Instructions to follow:
Exactly the lines from the beginning of the records below through the line with "هذا ليس أول" must be given again, without pictures.

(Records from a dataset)

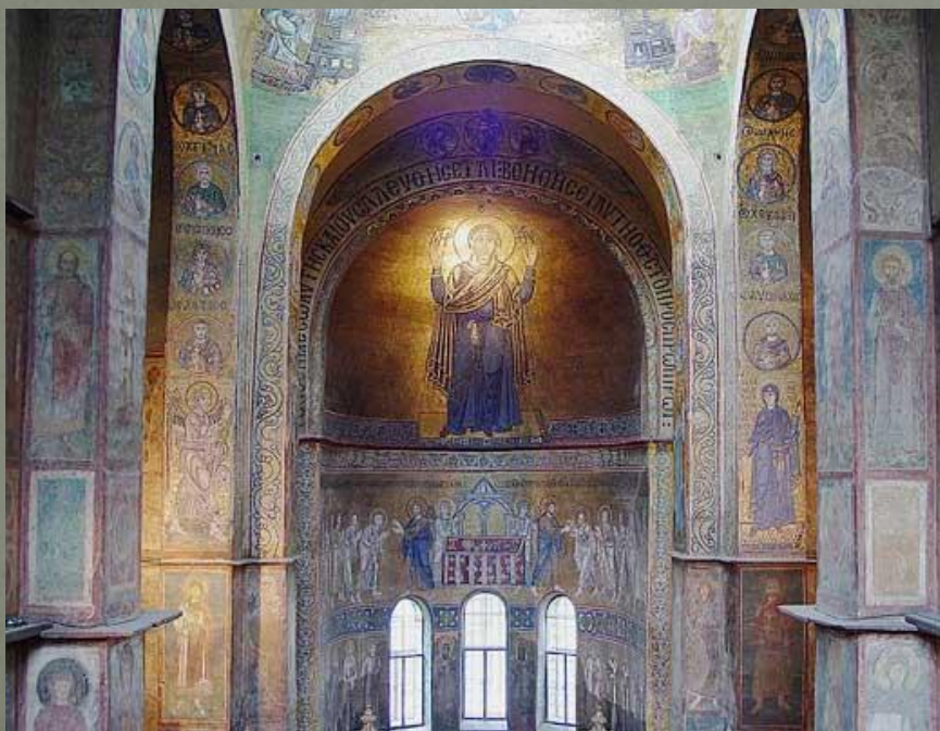
Собор Святой Софии
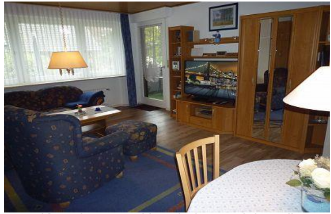
Komplett neue Unterhaltungselektronik
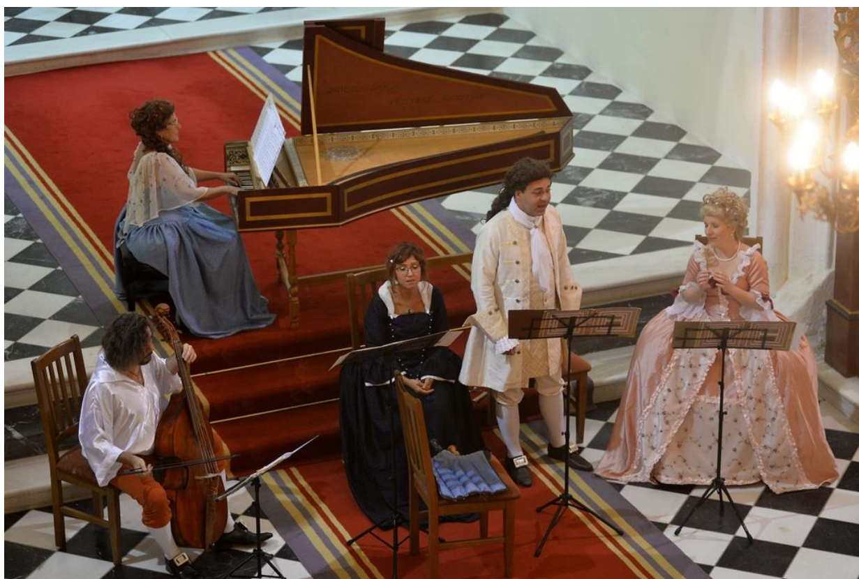
Slika 5. Program izvođenja klasične glazbe
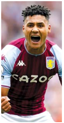
■ စောင့်ကြည့်ရမယ့် ကစားသမား ဝတ်ကင်စ် (၂၉ နှစ်) သွင်းဂိုး + ဂိုးဖန်တီးမှု = ၂၂ ကြိမ်

ပရီမီယာလိဂ်ပွဲစဉ် (၃၄) မန်စီးတီး - အက်စ်တွန်ဗီလာ ၂၃-၄-၂၀၂၅
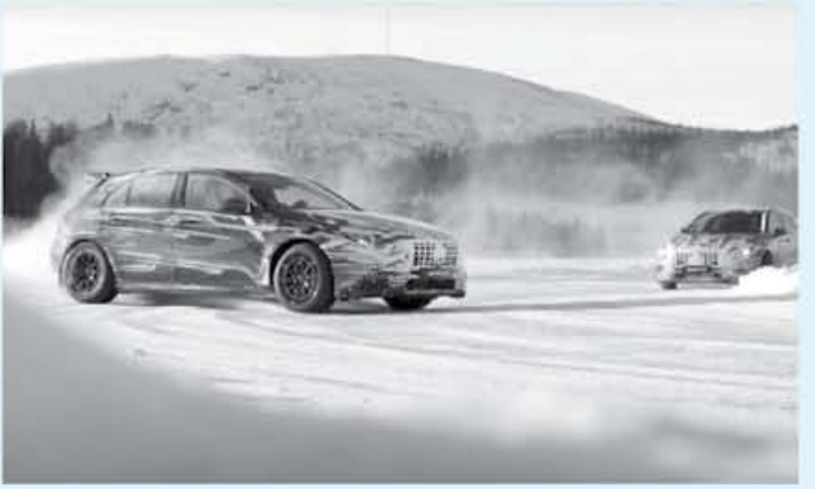
دبي - عرب جي تي

هذا ليس أول استعراض تشويقي لتقوم به نسخة تجريبية من سيارة مرسيدس AMG A45 2020 الجديدة كلياً القادمة قريباً، ولكن هذا أول استعراض دريفت على الثلج تقوم به سيارة الهالكاتيك الأتالية عالية الأداء يتم نشره من خلال فيديو رسمي على قناة Mercedes AMG على اليوتيوب. استعراض دريفت على الثلج قامت به نسختين تجريبيتين من سيارات مرسيدس ام جي ام جي ام جي - Mercedes AMG A45 2020 بالتصميم على مضمار ثلجي خاص في السويد. فبعد أن زودناكم في أخبار سابقة بالصور ومعلومات الرسمية الأولى لسيارة مرسيدس AMG A45
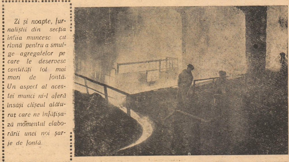
Zi și noapte, furnaliștii din secția întâia muncesc cu rîvnă pentru a smulge agregatelor pe care le deservește cantități tot mai mari de fontă. Un aspect al acestei munci ni-l așera însăși clișeu alăturat care ne înfățișază momentul elaborării unei noi șarje de fontă.
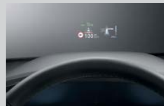
Hiển thị thông tin trên kính lái HUD (Bản Cao cấp)
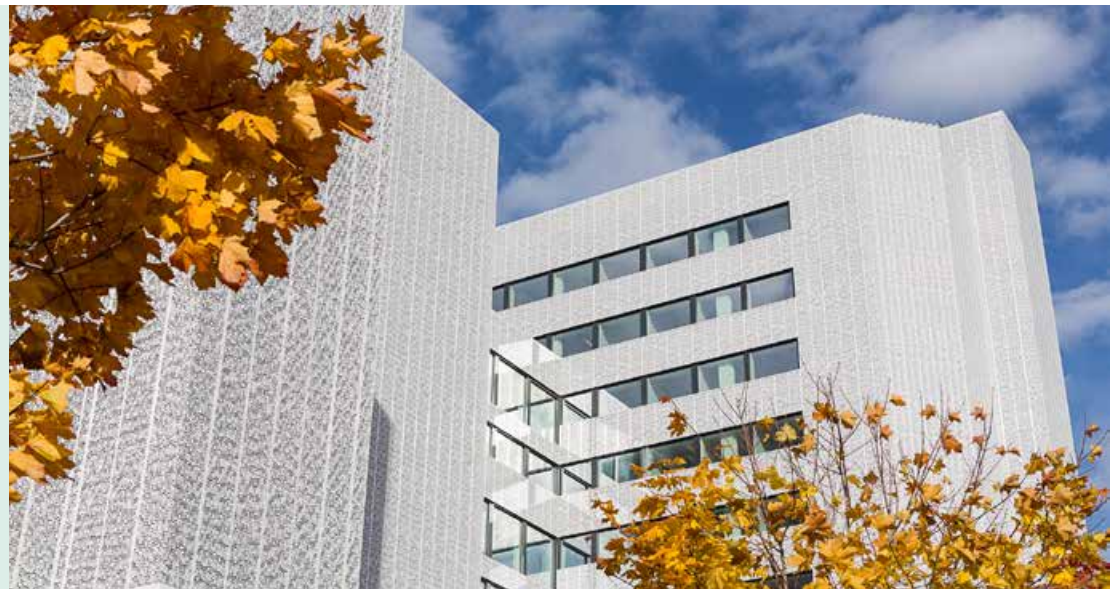
Illustrasjon: Foto: T. Lauluten/FutureBuilt.

I tillegg til mengden av utslipp, er det viktig å vurdere når utslippene skjer. Materialutslipp skjer nå, når det er mest kritisk å redusere, og alle utslipp reduseres i samme år, mens reduksjoner gjort gjennom energibruk gir en langt mindre effekt per år over byggets livsløp.
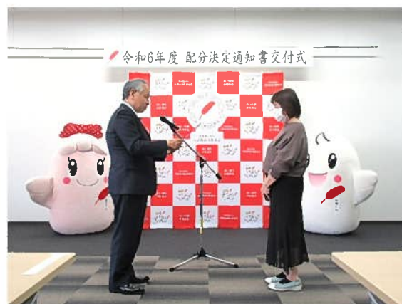
配分決定通知書交付の様子
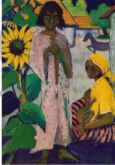
Resim 7. Otto Mueller, “Çingenerler ve Ay Çiçekleri”, 1927, Çuval Üzerine Tutkal Boya, 105cm x 145 cm, Saarland Müzesi Almanya
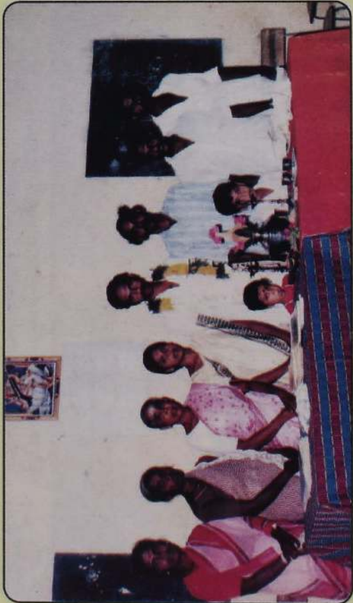
பம்பைமடு கிராமத்தில் கௌரவிக்கப்பட்ட போது -1988
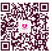
中医院微信二维码

注:1、专家坐诊限号30号(贺明20号) 2、四楼推拿科II为普通门诊,坐诊时间为周一~周五全天、周六上午,16号诊室 3、“●”为外请专家;“★”为镇江、丹阳名中医;“▲”为丹阳名中医
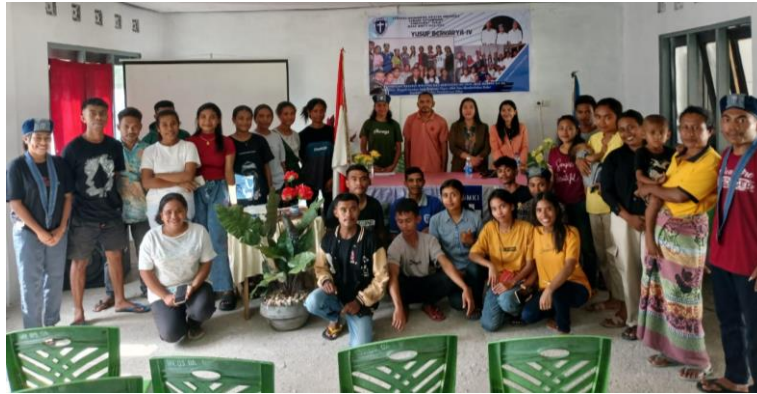
Gambar 3.3 Foto bersama peserta.
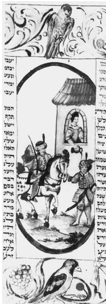
Миниатюра из книги Эстер. Чехия, XVIII в.

Самым, пожалуй, важным отличием преданий о депутатах от парадигматического образца Мегилат Эстер является отсутствие либо полная перекодировка образа персонажа, соответствующего царице Эстер 3 . Депутаты достигают успеха без помощи еврейской жены или возлюбленной какого-либо влиятельного лица, а в тех нарративах, где «прекрасная еврейка» все-таки появляется, она играет деструк-
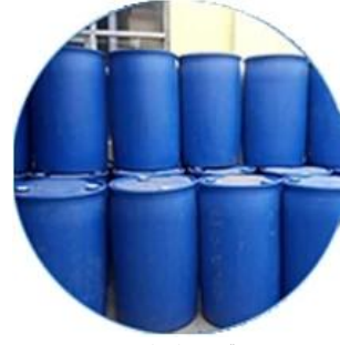
Gerçek malzeme stoğu
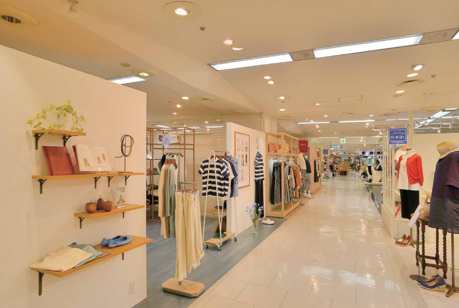
既存のCDM70Wハロゲン50W器具からLEDライトエンジンユニバーサルダウンライトに更新
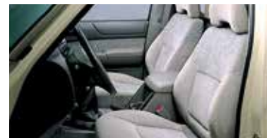
تلمس الفارق الذي تمنحك إياه المقصورة الرحبة، وخاصة في الرحلات الطويلة.

Take command with read-at-a-glance gauges and right-at-hand controls.
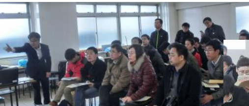
担当者の説明を真剣に聞く参加者
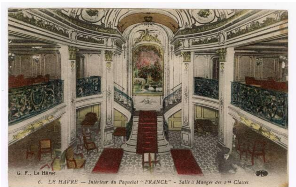
« L'arrivée de la princesse » ornait le grand escalier de la salle à manger de 1re classe du paquebot France lancé à Saint-Nazaire en 1912.
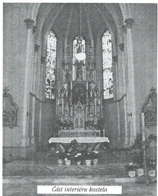
Část interiéru kostela

Největší díl a tíha zodpovědnosti za záchranu této kulturní památky samozřejmě leží na bed-
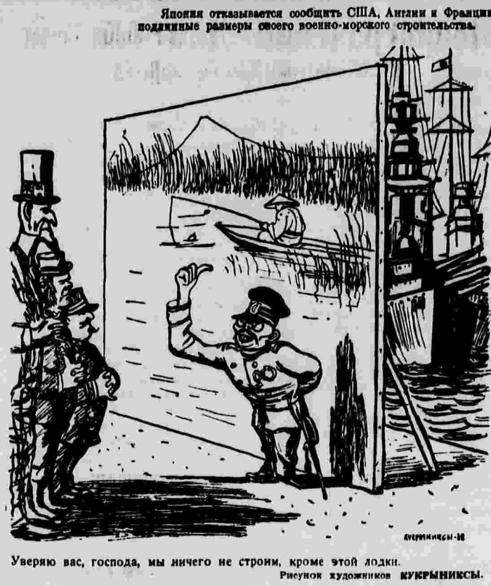
Уверю вас, господа, мы ничего не строим, кроме этой лодки. Рисунок художников МУКРЫНСКИХ.

ПАРИЖ, 9 февраля. (ТАСС). Предстоящие англо-итальянские переговоры вызывают в части французских политических кругов довольно pessimистическую оценку. Табуи пишет в «Эвр», что Муссолини своими переговорами с английскими правительством стремится сразу убить двух зайцев — получить английские кредиты и в то же время добиться признания прав воюющей стороны за генералом Франко. «Новиднику», — пишет Табуи, — часть движущих причин, которые толкают Муссолини на переговоры с Лондоном, стала понятна, по крайней мере, для английского министерства иностранных дел. Италия весьма сильно истощена в экономическом и финансовом отношении. Завоевание Абиссинии с каждым днем становится все более признанным. Необходимо получить деньги любой ценой и добиться признания итальянских завоеваний в Абиссинии». Касаясь вопроса о перспективах переговоров по поводу итальянской интервенции в Испании, Табуи пишет: «Если бы Италия действительно отозвала 75 проц. своих войск из Испании, Англия была бы расположена признать право воюющей стороны за Франко и даже признать итальянские завоевания в Абиссинии, а также предоставить Италию кредиты». Габриэль Перри пишет в «Юманите»: «Ничто не дает повода утверждать, что Италия склонна отозвать свои войска из Испании и намерена отказаться от нового наступления. Возможно, что в обмен на признание захвата Абиссинии и на предоставление займа Муссолини пообещает что-нибудь. Но ни одна итальянская солдат не будет отозван с Пиренейского полуострова».
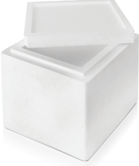
Medikal Kutu / Medical Box

Enjeksiyon hattında farklı kalıplarla üretilen ürünlerden örnekler
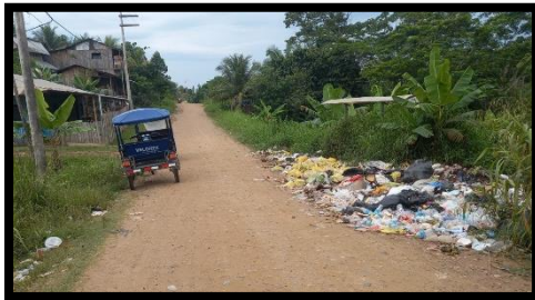
Punto de acumulación de RSM
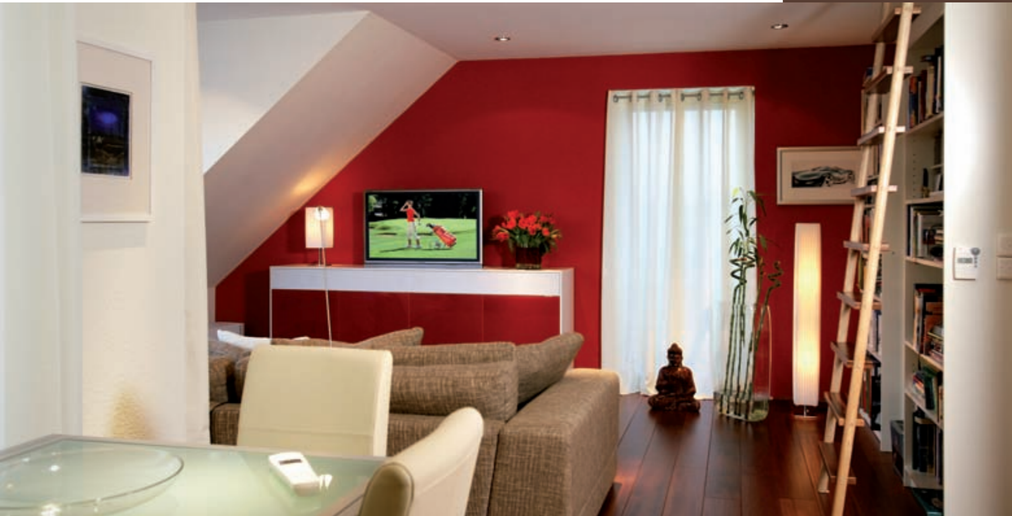
EIN BLICK IN DAS HAMBURGER SMARTHOME AN DER WAND DAS DESIGNER-SIDEBOARD VON UTZ
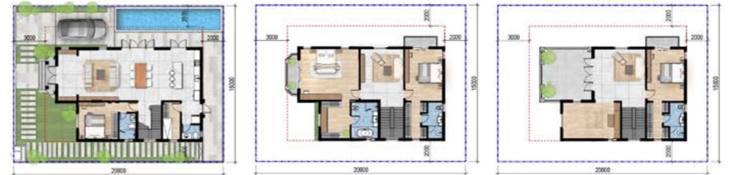
Mặt Bằng Tầng 3

* Mọi thông tin trong tài liệu đúng tại thời điểm phát hành và có thể điều chỉnh mà chủ đầu tư không cần thông báo trước. Bố trí hồ bơi và các tiện ích trong mặt bằng chỉ mang tính chất gợi ý tham khảo.
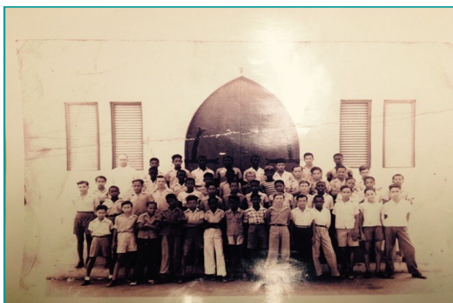
Tempo di Frerenan

Baly su sugerencia relaciona cu nos futuro generacion ta cu nan mester introduci lesnan di musica bek na scolnan pa nan. Bo ta haya awor aki un falta di comunicacion tambe. E mayor no ta busca pa hincá su yiu den un sport. E no ta hunga bala cu su yiu. Nos tabata traha y hunga cu trom tempo nos ta chikito. Nos tabata traha un fli. Awor nan ta djis cumpra un fli. E parti creativo pa haci of construi algo abo mes, lastimamente no t'ey mas.
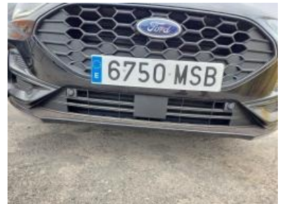
Immagine - 33
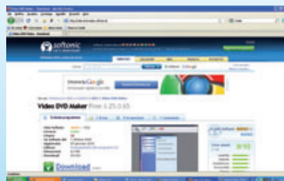
fig. 1 Videata per il download del programma.

Premiamo ancora Next e attendiamo che Dvd Maker converta i filmati in un formato compatibile per DVD. Una volta terminato il processo, non ci resta che inserire un cd o dvd nel masterizzatore del computer e premere il pulsante Burn , per creare il nostro disco da vedere e rivedere in tv.
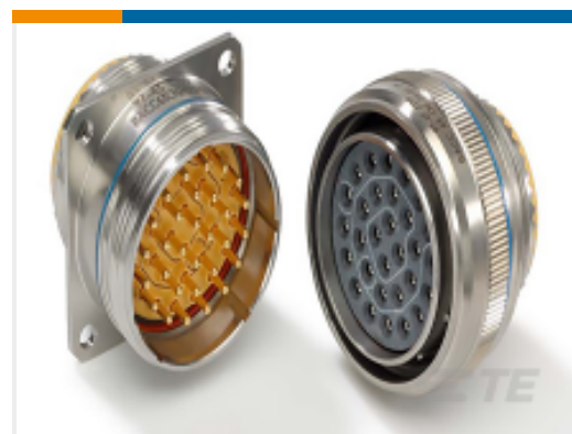
TE 产品编号ZPF0000000000008418 983-6RS 12-12 PN
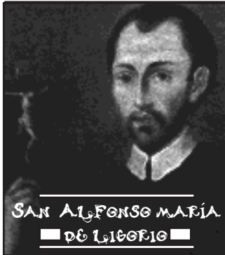
SAN ALFONSO MARÍA DE LIGORIO
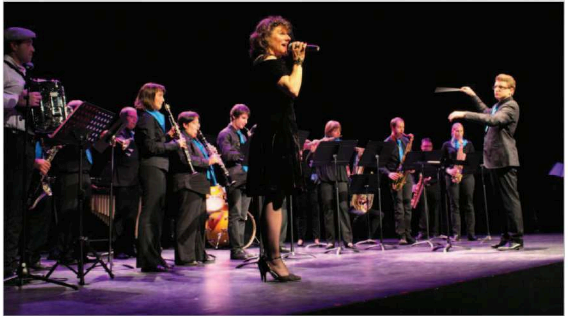
« Non je ne regrette rien », un final de concert interprété tous ensemble.

Elle a invité à 2 reprises des messieurs à la rejoindre sur scène pour le temps d'un instant entrer dans la peau de Marcel Cerdan. L'artiste a invité ceux qui avaient l'air de bien connaître Pigalle à 7 pater nos-ter ce week-end lors de la messe officielle par le père Baldaci-
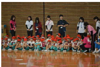
11/1 ひまわり学級 なかよしフェスティバル
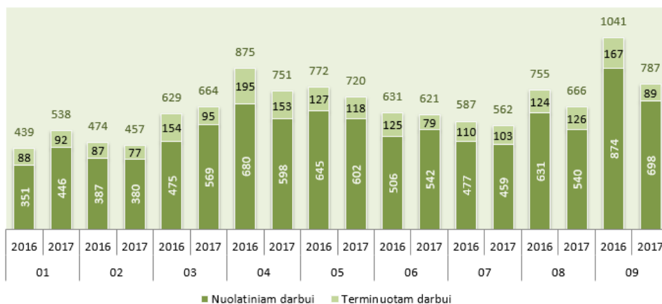
Įdarbinimas 2016–2017 metais pagal mėnesius

Įdarbintų asmenų skaičius 1825 proc. didesnis negu praeitą mėnesį ir 24,4 proc. mažesnis negu praeitų metų rugsėjo mėnesį.
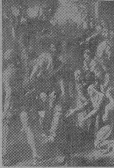
EL PASMO DE SICILIA

Acaso nada más realista que cause tanto estupor y miedo como el cuadro de Tíepolo al interpretar la flagelación de Cristo. Las figuras endemoniadas, llenas de fanático odio de los soldados romanos. Fueron hombres surtidos en las batallas, sin espiritualidad, sin cariños humanos, con las blasfemias en los labios y el rencor en los corazones

Answer space:
Собор Святой Софии
Komplett neue Unterhaltungselektronik
Slika 5. Program izvođenja klasične glazbe
■ စောင့်ကြည့်ရမယ့် ကစားသမား ဝတ်ကင်စ် (၂၉ နှစ်) သွင်းဂိုး + ဂိုးဖန်တီးမှု = ၂၂ ကြိမ်

ပရီမီယာလိဂ်ပွဲစဉ် (၃၄) မန်စီးတီး - အက်စ်တွန်ဗီလာ ၂၃-၄-၂၀၂၅
دبي - عرب جي تي

هذا ليس أول استعراض تشويقي لتقوم به نسخة تجريبية من سيارة مرسيدس AMG A45 2020 الجديدة كلياً القادمة قريباً، ولكن هذا أول استعراض دريفت على الثلج تقوم به سيارة الهالكاتيك الأتالية عالية الأداء يتم نشره من خلال فيديو رسمي على قناة Mercedes AMG على اليوتيوب. استعراض دريفت على الثلج قامت به نسختين تجريبيتين من سيارات مرسيدس ام جي ام جي ام جي - Mercedes AMG A45 2020 بالتصميم على مضمار ثلجي خاص في السويد. فبعد أن زودناكم في أخبار سابقة بالصور ومعلومات الرسمية الأولى لسيارة مرسيدس AMG A45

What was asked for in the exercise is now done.